Once you have a projection on electricity output, the next question is financial modeling. How does one project the income and the payback period of a system?

We look at the costs and the income. The costs consist of two parts: the initial startup costs and the ongoing operating costs. The startup costs include the cost of components like the solar panels, inverters, racking and panel attachment hardware, cable trays, wiring, disconnects, combiner boxes and other balance-of-system items. You also have the installation costs. Finally, you have to include the regulatory and grid-connection costs. A small rooftop system of 10 kW may cost up to $80,000 or more. A large system of 500 kW may cost upwards of $3,000,000 or more, depending on the building.

The operating costs include keeping the solar panels clean and free from snow, routine inspection, inverter maintenance and responding to faults or other unusual events. Other ongoing costs include insurance, financing, etc.

We then look at the income under the FIT program. The payment rate is under contract with the Ontario Power Authority, dependent on the nameplate capacity of the system. A small system of 10 kW may earn $12,000 to $14,000 per year, depending on the building. A large system of 500 kW may earn upwards of $360,000 to $400,000 per year. The amount earned is largely dependent on the capacity factor, which is the ratio of the actual output over a period of time and its output if it had operated at full nameplate capacity the entire time. This takes into consideration non-daylight hours, adverse weather, panel angle and orientation, etc. The higher the capacity factor, the more power the system will produce.

The payback period is affected by several factors. What are the terms of their loan, if a loan is involved? What is the tax treatment? Will it be limited or full capital cost allowance?

Do they want to be the system owner, which tends to outperform financially but carries more risks, or do they want to just lease out their roofs? Or would they consider a joint partnership. In practice, the payback periods for most projects tend to range between 7 to 14 years. It really varies with each project.

One comment on rooftop leasing…while it is difficult to generalize because every situation is unique, we could say that for rooftop leasing, the sweet spot is around 250 kW. Systems much smaller than that may not make sense, as it is more difficult to recover fixed costs. Systems larger than that may not always be better. Having said that, each situation is unique and must be looked into individually.

Being an experienced solar system contractor, what particular area would you advise people to pay special attention to?

An area often overlooked is connection to the Local Distribution Company.
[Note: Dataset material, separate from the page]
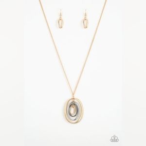 Threaded along a gold-beaded rod, mismatched gold, silver, and gunmetal ovals ripple into a dizzying pendant at the bottom of a lengthened gold chain. Features an adjustable clasp closure.

In order to feed power into the grid and earn income under the FIT program, your system must be connected to your LDC, such as Hydro One, Toronto Hydro or Essex Powerlines.

Sometimes, this connection requires an upgrade to the LDC equipment. Depending on the nature of the upgrade, system owners can be charged for upgrades that the LDC might otherwise not have to make. One of our clients was informed by their LDC that the upgrade would cost them well over six-figures. This high cost would have seriously impacted the financial modeling and the payback period, and it would have jeopardized the whole project.

Not every system supplier in this new Ontario market has the same level of understanding when dealing with grid connections. It can get very complicated. In some cases, transmission station capacity to connect the project simply does not exist at all (at least at first glance) and the costs or technical requirements to make the connection are not fully understood until well into the process, which obviously does not help anyone involved.